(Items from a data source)
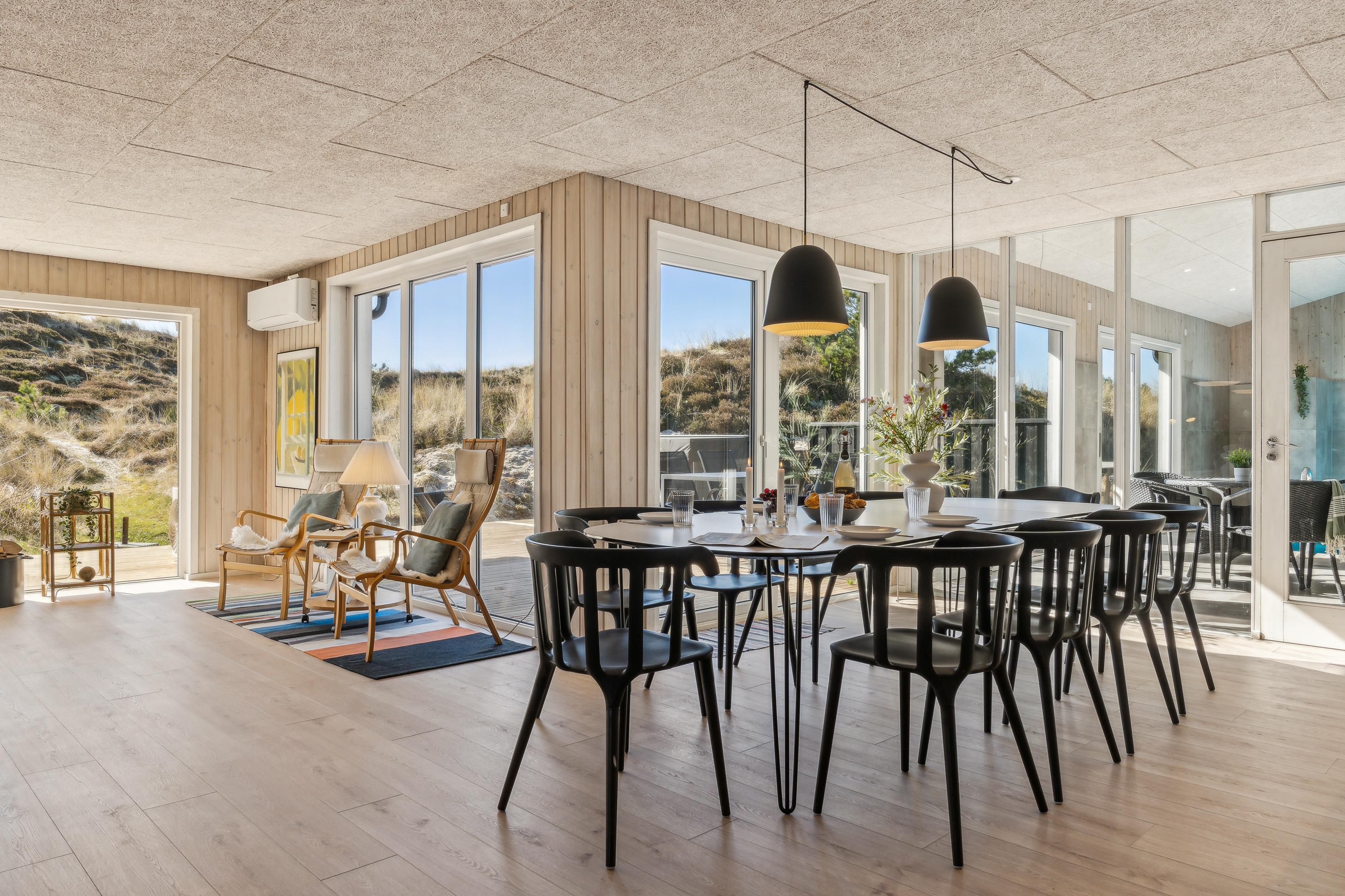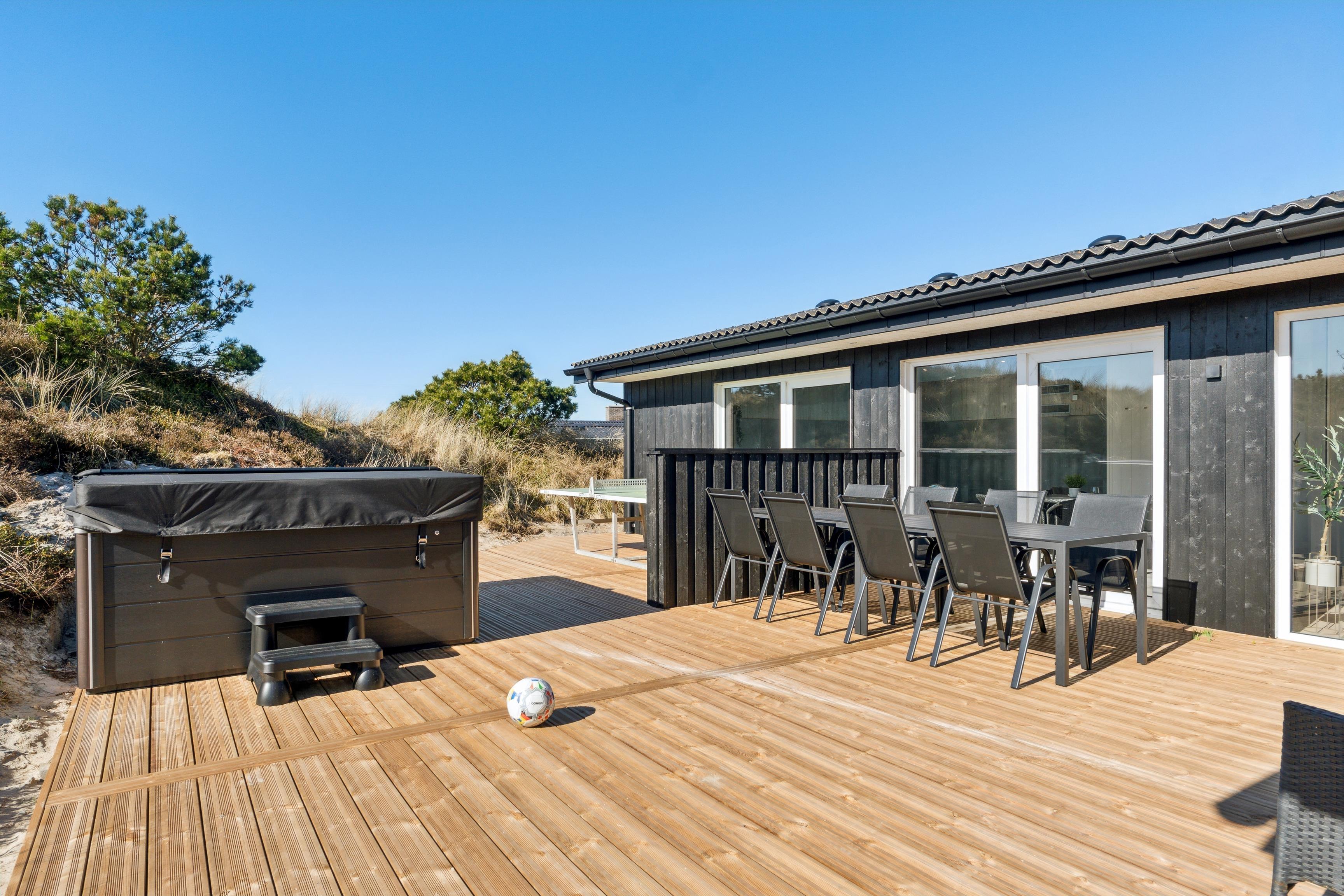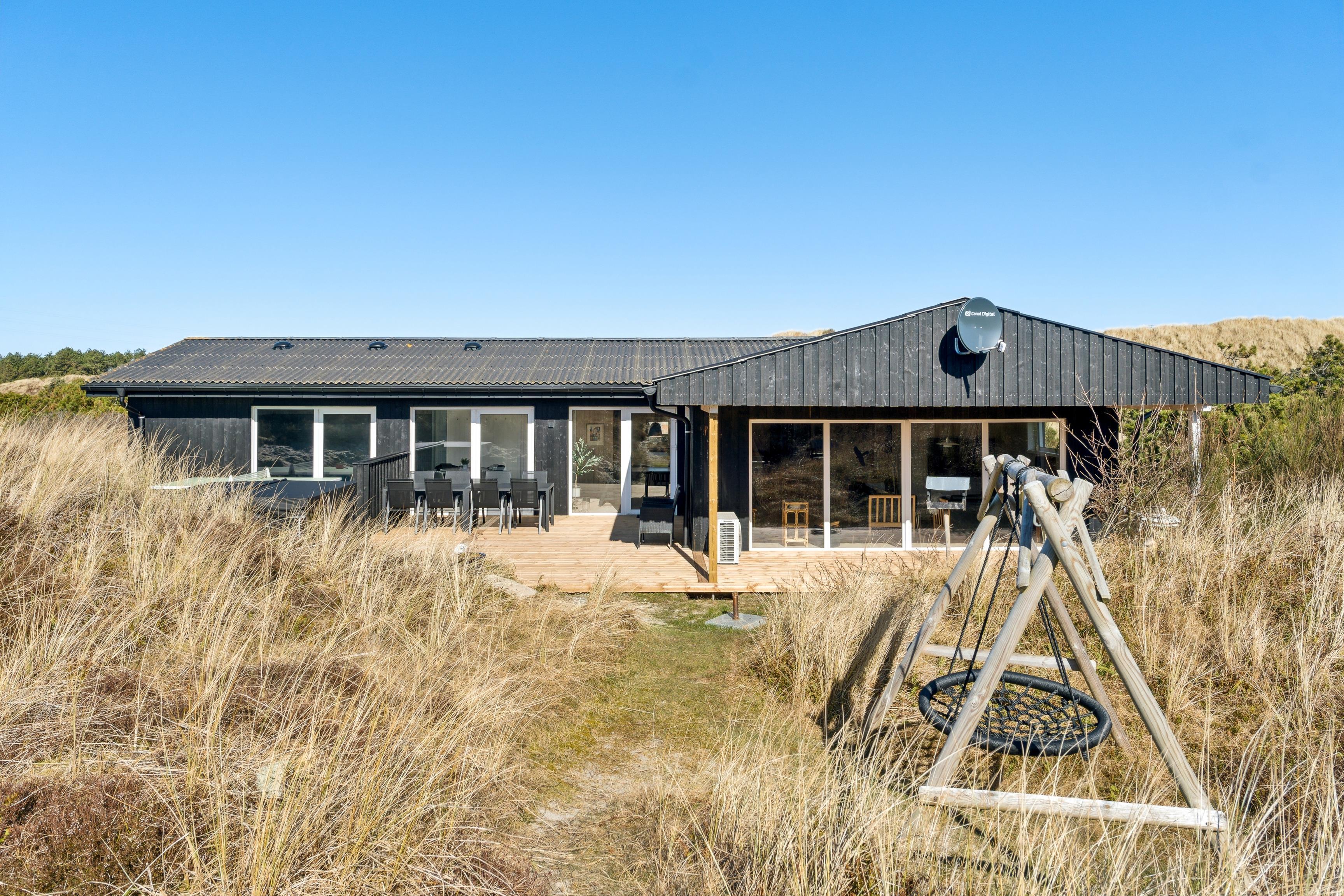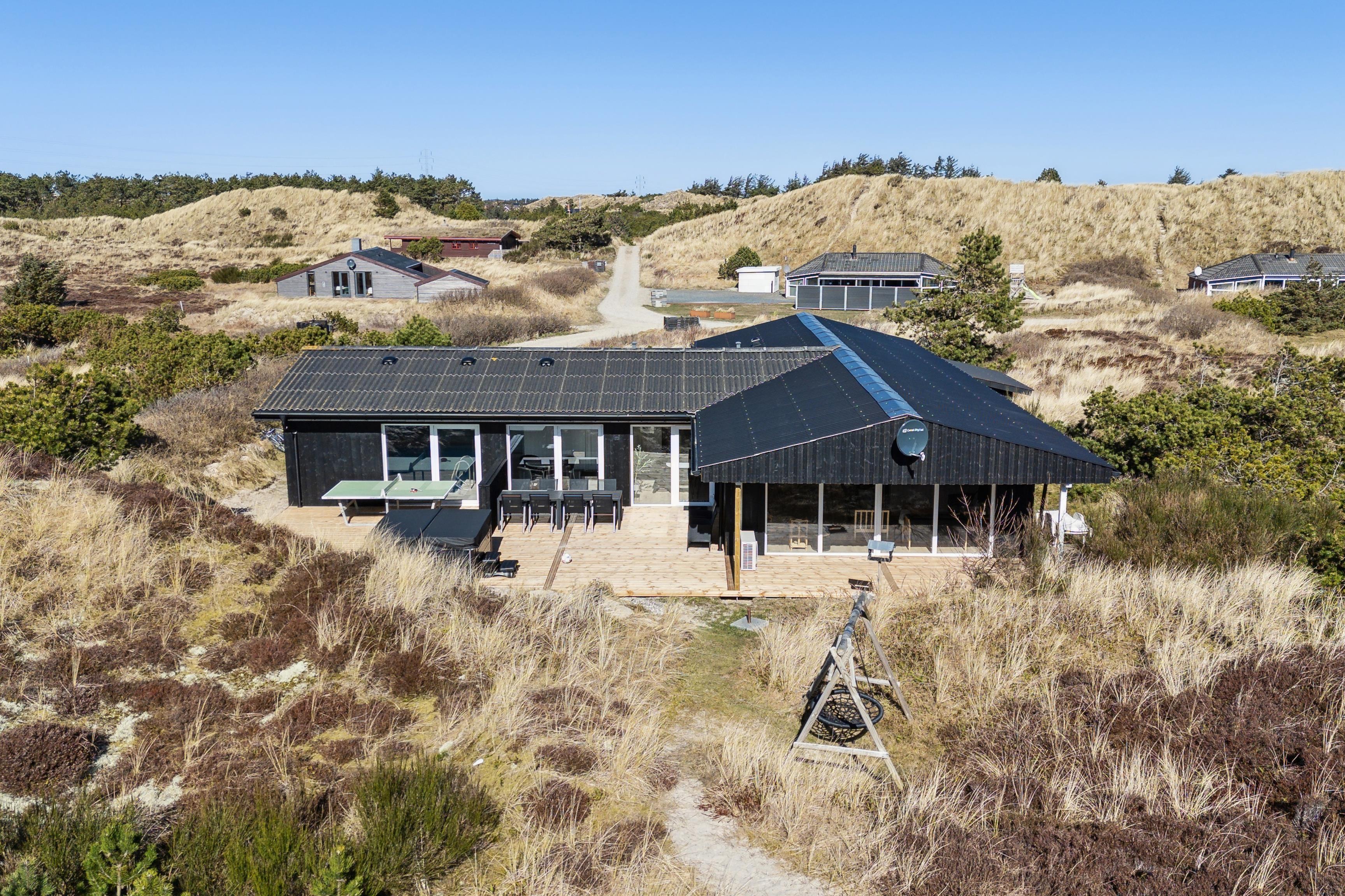 Fantastisk nyrenoveret sommerhus. Efter en omfattende opdatering i 2025 fremstår huset nu som et moderne og luksuriøst ferieparadis med nyt stort udendørs spabad, opdateret poolområde og skønne terrasser. Huset ligger på en 3.000 m² kuperet klitgrund, hvor du kan nyde en helt ugeneret beliggenhed tæt på den storslåede natur. Fra terrasserne har du en flot udsigt til Nr. Lyngvig Fyr, og der er rig mulighed for sjov og afslapning med bordfodbold, udendørs bordtennis og gratis trådløst internet.
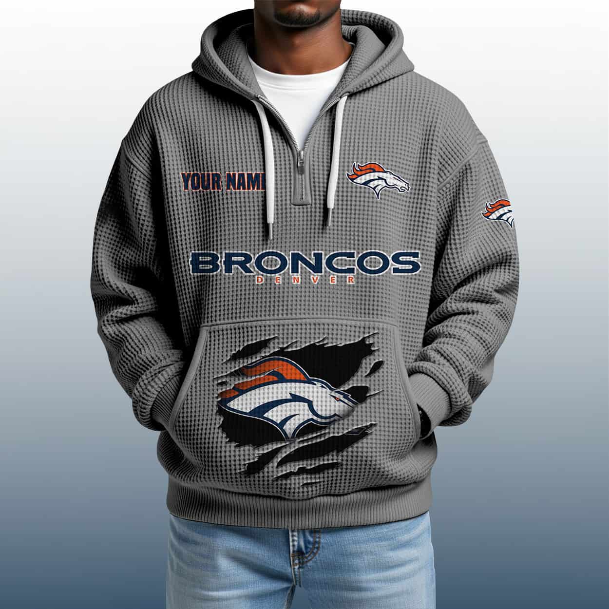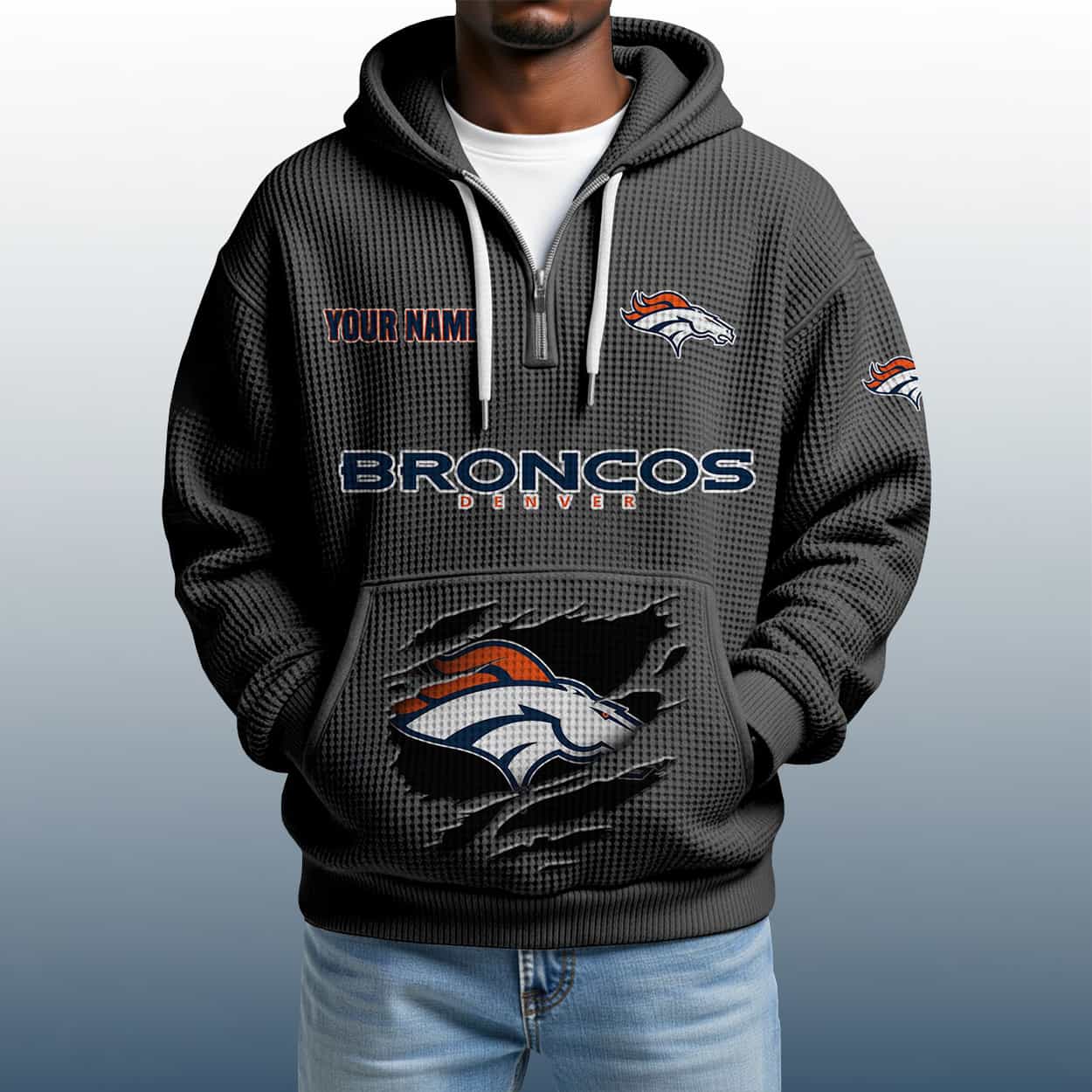 This hoodie isn’t just about repping the Broncos—it’s about owning your fandom. The textured waffle pattern adds depth and grit, while the personalized nameplate turns tradition into a bold fashion move. It’s designed for fans who don’t just follow—they lead, inspire, and bring the energy wherever they go. Whether you’re tailgating or tackling the day, this hoodie makes sure your loyalty is loud and clear.
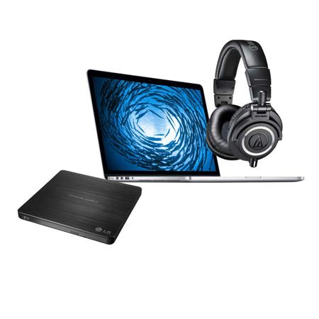 Whether you choose the 13-inch or 15-inch model, you'll get two Thunderbolt 2 ports, two USB 3 ports, an HDMI port, an SDXC card slot, and a headphone port. So in a matter of minutes you can build an entire professional studio with MacBook Pro as its centerpiece.
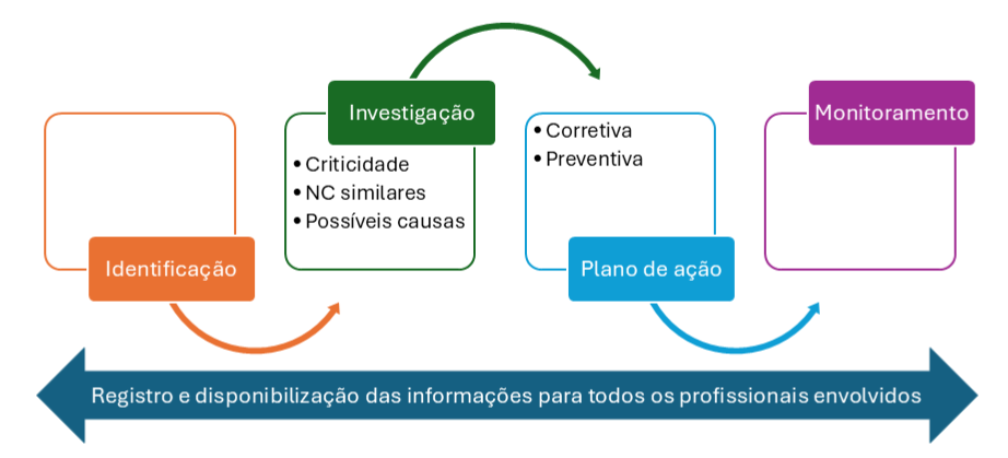 Os registros devem conter informações relevantes geradas durante o processo, desde a descrição da não conformidade, as análises realizadas pelos profissionais envolvidos, as decisões tomadas, as ações e respectivos resultados até a conclusão.
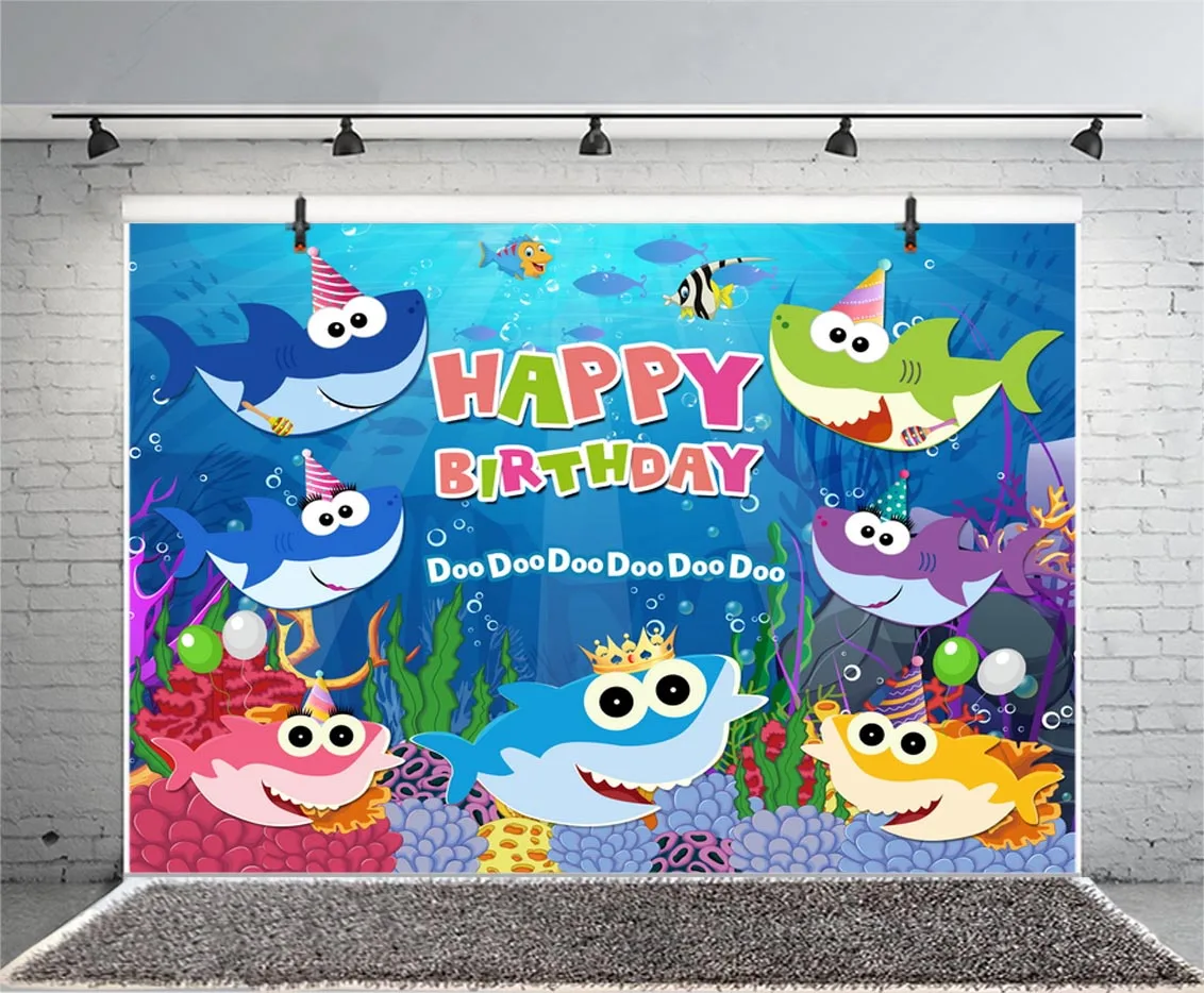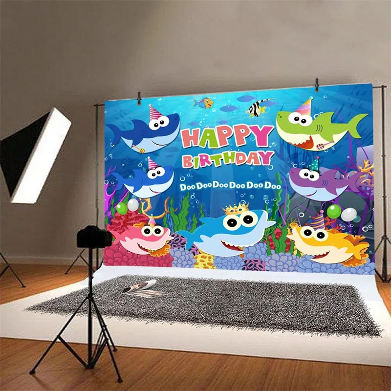 Фон для фотосъемки с изображением семьи акул, короны, детского дня рождения, вечеринки под водой, фон для фотосъемки, реквизит для фотосъемки, баннер

» **Exercise prompt**:
Copy out all the data exactly. The images should not appear in the copy.

» **Answer**:
 Fantastisk nyrenoveret sommerhus. Efter en omfattende opdatering i 2025 fremstår huset nu som et moderne og luksuriøst ferieparadis med nyt stort udendørs spabad, opdateret poolområde og skønne terrasser. Huset ligger på en 3.000 m² kuperet klitgrund, hvor du kan nyde en helt ugeneret beliggenhed tæt på den storslåede natur. Fra terrasserne har du en flot udsigt til Nr. Lyngvig Fyr, og der er rig mulighed for sjov og afslapning med bordfodbold, udendørs bordtennis og gratis trådløst internet.
 This hoodie isn’t just about repping the Broncos—it’s about owning your fandom. The textured waffle pattern adds depth and grit, while the personalized nameplate turns tradition into a bold fashion move. It’s designed for fans who don’t just follow—they lead, inspire, and bring the energy wherever they go. Whether you’re tailgating or tackling the day, this hoodie makes sure your loyalty is loud and clear.
 Whether you choose the 13-inch or 15-inch model, you'll get two Thunderbolt 2 ports, two USB 3 ports, an HDMI port, an SDXC card slot, and a headphone port. So in a matter of minutes you can build an entire professional studio with MacBook Pro as its centerpiece.
 Os registros devem conter informações relevantes geradas durante o processo, desde a descrição da não conformidade, as análises realizadas pelos profissionais envolvidos, as decisões tomadas, as ações e respectivos resultados até a conclusão.
 Фон для фотосъемки с изображением семьи акул, короны, детского дня рождения, вечеринки под водой, фон для фотосъемки, реквизит для фотосъемки, баннер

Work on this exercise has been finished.